_WHAT YOU WILL DO_: Give the data again word for word; drop the pictures.

_GIVEN INFORMATION_:
------------------------------------------------------------

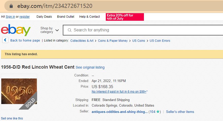 Also, Denver minted 1956 wheat penny with a double engraving error sold for $168.35 on eBay.
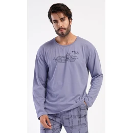 Pánské dlouhé bavlněné pyžamo Jakub. Pánské pyžamo se skládá z trika s dlouhým rukávem a dlouhých kalhot. Triko je jednobarevné, zdobené na hrudi obrázkem motocyklu a nápisem 'Legendary vintage machines'. Kostkované kalhoty mají v pase gumu, šňůrku na stažení a praktické kapsy. Použitý materiál s obsahem bavlny 100% je poddajný a příjemný na dotek.
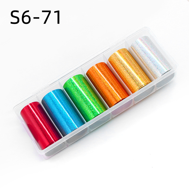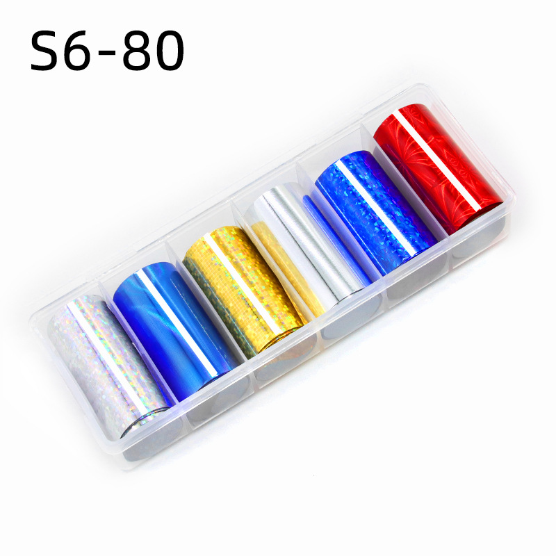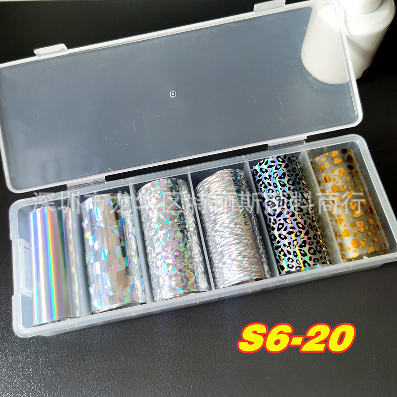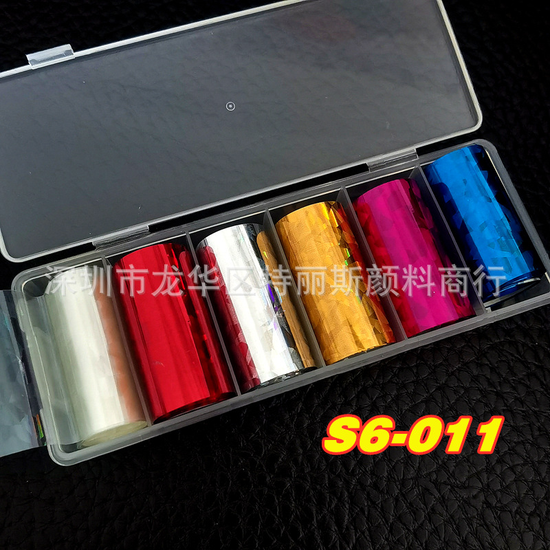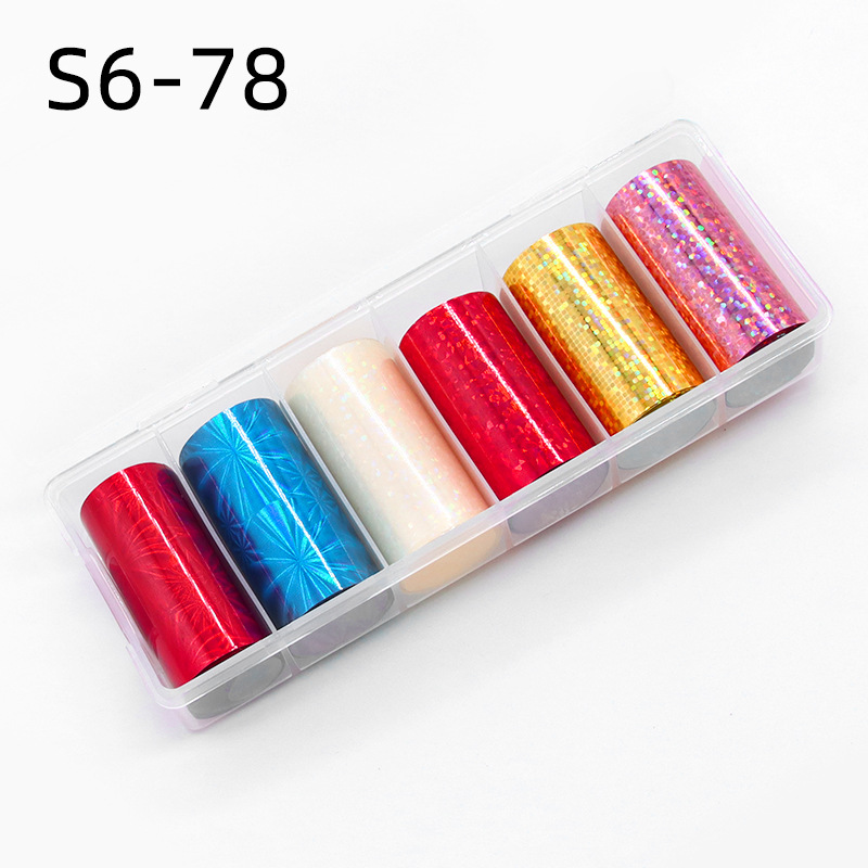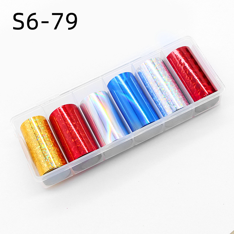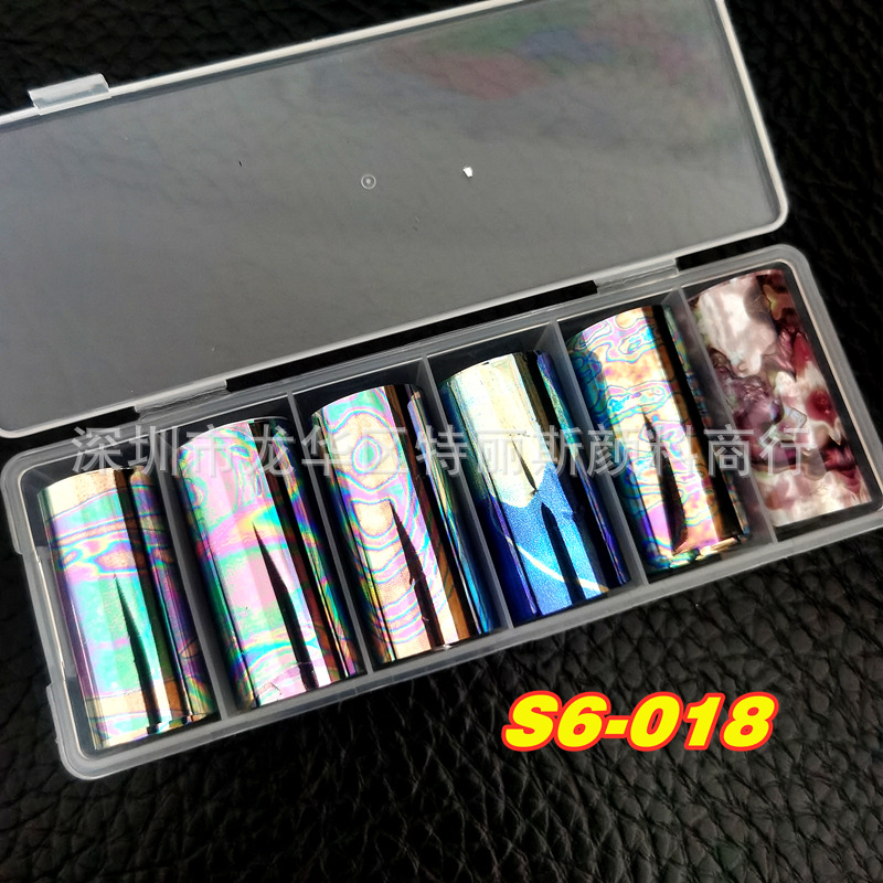 네일 아트 별이 빛나는 하늘 종이 세트 박스 6 그리드 별이 빛나는 하늘 종이 오로라 셀로판 네트 레드 미러 레이저 유리 네일 아트 스티커

------------------------------------------------------------

_EXERCISE SOLUTION_:
 Also, Denver minted 1956 wheat penny with a double engraving error sold for $168.35 on eBay.
 Pánské dlouhé bavlněné pyžamo Jakub. Pánské pyžamo se skládá z trika s dlouhým rukávem a dlouhých kalhot. Triko je jednobarevné, zdobené na hrudi obrázkem motocyklu a nápisem 'Legendary vintage machines'. Kostkované kalhoty mají v pase gumu, šňůrku na stažení a praktické kapsy. Použitý materiál s obsahem bavlny 100% je poddajný a příjemný na dotek.
 네일 아트 별이 빛나는 하늘 종이 세트 박스 6 그리드 별이 빛나는 하늘 종이 오로라 셀로판 네트 레드 미러 레이저 유리 네일 아트 스티커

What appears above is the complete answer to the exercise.